A is a, \(n \times n\) matrix of real numbers and \(A^3 - 3A^2 + 4A - 6I = 0\), where I is a, \(n \times n\) unit matrix. If \(A^{-1}\) exists, then

• A. \(A^{-1} = A - I\)
• B. \(A^{-1} = A + 6I\)
• C. \(A^{-1} = 3A - 6I\)
• D. \(A^{-1} = \frac{1}{6}(A^2 - 3A + 4I)\)

Hint:

Whenever a matrix \(A\) satisfies a polynomial equation, you can find its inverse (if it exists) by rearranging the equation to the form \(A . P(A) = kI\), where \(P(A)\) is some polynomial in \(A\) and \(k\) is a non-zero scalar. Then, \(A^{-1} = \frac{1}{k}P(A)\). The inverse exists if and only if the constant term in the polynomial is non-zero.

Answer 1

The Correct Option is D

Step 1: Understanding the Concept:
The problem provides a polynomial equation that the matrix \(A\) satisfies. According to the Cayley-Hamilton theorem, every square matrix satisfies its own characteristic equation. We can use the given equation to find an expression for the inverse of \(A\), \(A^{-1}\), by manipulating the equation algebraically.

Step 2: Key Formula or Approach:
1. Start with the given matrix polynomial equation.
2. Isolate the term containing the identity matrix, \(I\).
3. Pre-multiply (or post-multiply) the entire equation by \(A^{-1}\).
4. Simplify the resulting equation to solve for \(A^{-1}\).

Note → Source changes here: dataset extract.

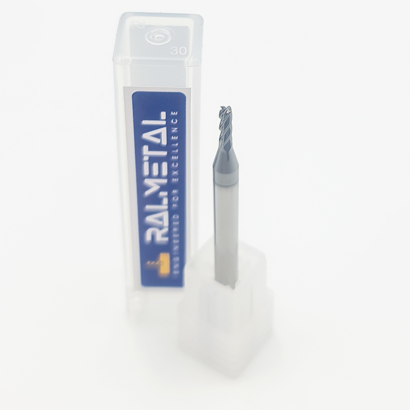 Rezkar za radius iz karbidne trdine VHM, 4 rezila / 4 rezila. Fi. 3 mm R – 0,5 mm – 45 HRC za fino obdelavo jekla.

Step 3: Detailed Explanation:
We are given the equation: \[ A^3 - 3A^2 + 4A - 6I = 0 \] To find \(A^{-1}\), we can isolate the term with the identity matrix \(I\): \[ A^3 - 3A^2 + 4A = 6I \] Since it is given that \(A^{-1}\) exists, we can pre-multiply both sides of the equation by \(A^{-1}\): \[ A^{-1}(A^3 - 3A^2 + 4A) = A^{-1}(6I) \] Using the distributive property of matrix multiplication: \[ A^{-1}A^3 - A^{-1}(3A^2) + A^{-1}(4A) = 6A^{-1}I \] Using the properties \(A^{-1}A = I\) and \(A^{-1}I = A^{-1}\): \[ (A^{-1}A)A^2 - 3(A^{-1}A)A + 4(A^{-1}A) = 6A^{-1} \] \[ IA^2 - 3IA + 4I = 6A^{-1} \] \[ A^2 - 3A + 4I = 6A^{-1} \] Finally, we can solve for \(A^{-1}\) by dividing by 6: \[ A^{-1} = \frac{1}{6}(A^2 - 3A + 4I) \]
Step 4: Final Answer:
The expression for \(A^{-1}\) matches option (D).